Mr. CLAYTON. No doubt of that; and we have sat here day after day and given them hearings hour after hour, until I for one, without speaking for this committee, have gotten to the point where I think this hearing ought to close.

Mr. RAPPAPORT. It is for you to do with this law as you please, and I think it is for me, for us, to give expression to our opinion. Mr. CLAYTON. Exactly; and we have heard them.

Mr. RAPPAPORT. As citizens of this country we think the only way and the absolutely proper way is to regulate this by our ballots.

Then it was in 1881, I believe, the legislature of the State of Indiana passed a prohibition amendment for the first time, and then again we Germans organized, and I had the honor then to be the secretary of that organization, and the effect was exactly the same as it was before. It was the same way two years after. I guess it was in that election that President Harrison did not get even a majority in his own county. Now, we can not do anything else but use our political rights, and the manner in which we use them I

think is a matter you ought to know about, because after all, as far as the legal effect and practical effects are concerned, you know as much about it as any of us; but the reason we are for a political demonstration, either on this side of the House or the other side of the House.

STATEMENT OF MR. AUGUST H. BODE.

Mr. BODE. Mr. Chairman and gentlemen of the committee, before I start it is generally customary to make a few remarks about the personality of the speaker, and for that reason I will say that I come from the city of Cincinnati and represent the German-American Association, an association comprising about 80 different associations and about 20,000 men. I am also vice-president of the State association of which Doctor Hexamer is president.

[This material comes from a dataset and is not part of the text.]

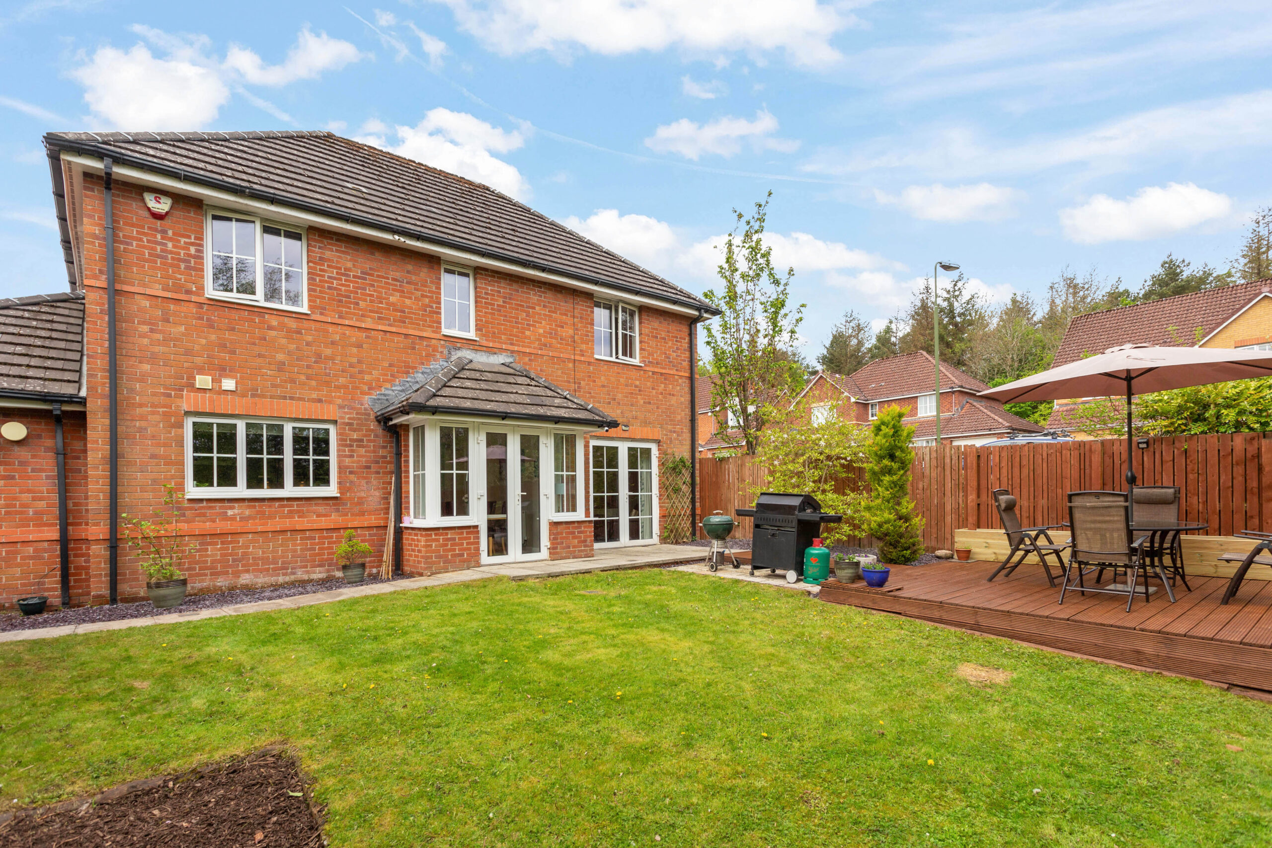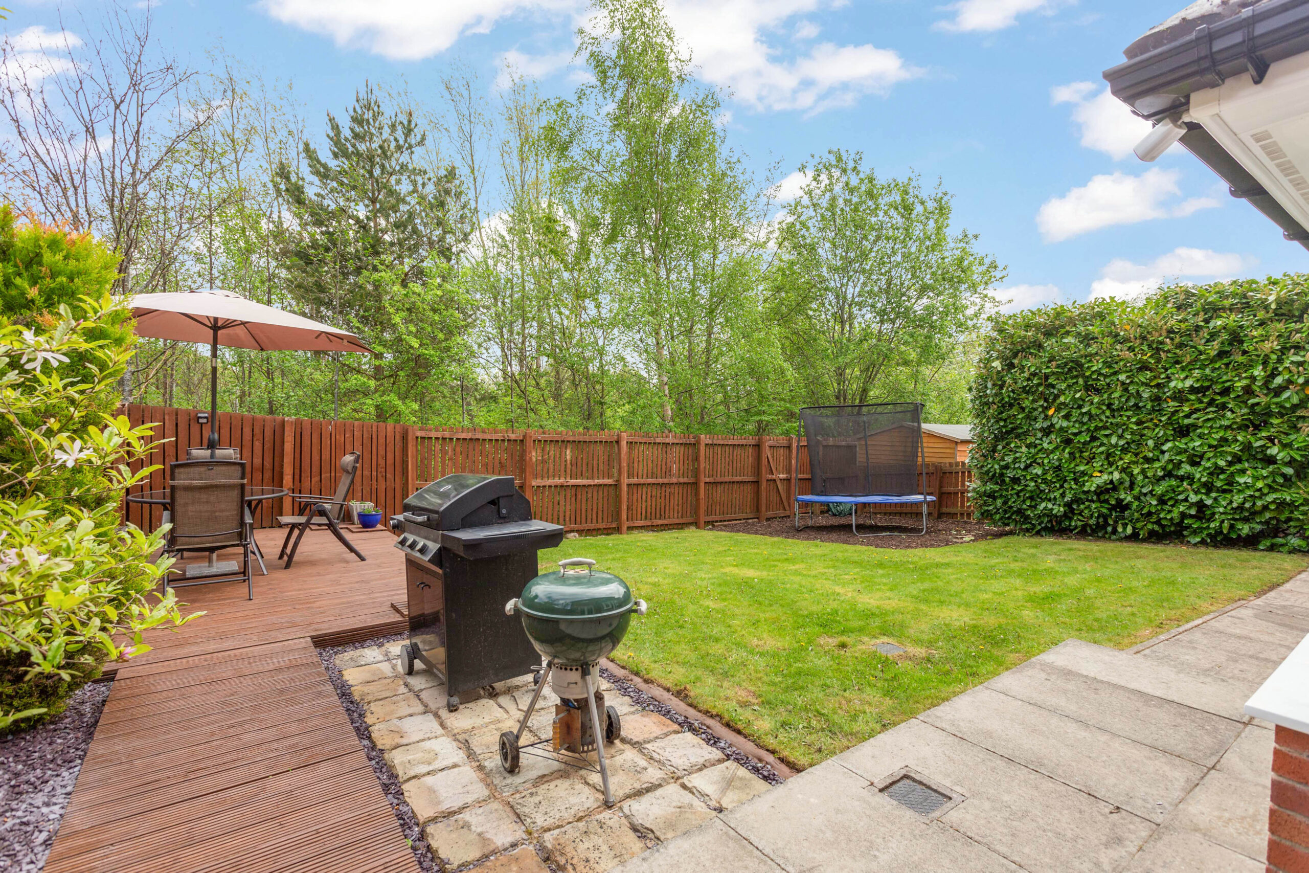 Outside, the rear garden is a landscaped sanctuary against a woodland backdrop, complete with a decked area, paved patio, and a lush lawn, ensuring a perfect setting for leisure and entertainment. The front garden is laid to lawn and the hedge provides a high degree of privacy.

From my personal knowledge I am sure that every one of those will disagree with the ideas expressed by this bill. Like my friend, the reverend gentleman this morning, there is no personal feeling in this matter. I am not a brewer or brewer's son and have not been a brewer's attorney, and so far as I am concerned I don't smoke or chew and only once in a while take a glass of beer, so I have no personal feeling. But I think it would be an unjust thing to other people to compel them to forego the pleasure of drinking a glass of beer, if it is a pleasure to them. I haven't the slightest idea but that it is going to be and intended to be a prohibitory law in those States where they have prohibition. This law as it stands there will certainly be a prohibitory law in those States; and I think the gentlemen are wrong when they say it is not calling upon Congress to come to their help.

I agree with Mr. Smith that his community and the States have a perfect right to enact such laws, and, I think, under the decision of the interstate-commerce cases, we can not prohibit the shipment into the State of original packages of liquor. If they find anything deleterious to health or morals they can prohibit, but that is as far as they ought to go. But what do they do here? They come and ask the power of the United States to help them along. They really confess that they have not been able in their own States to carry out their laws as they thought they could, and now they want the United States to say that it is not enough that under the police power of our States we prohibit the sale of liquor within the State as soon as anything comes into our State, but they want to stop it as soon as it gets to the boundary line. That is asking something like this: That if in this State there is a law prohibiting the bringing in of liquor of any kind then you stop on the other side one step.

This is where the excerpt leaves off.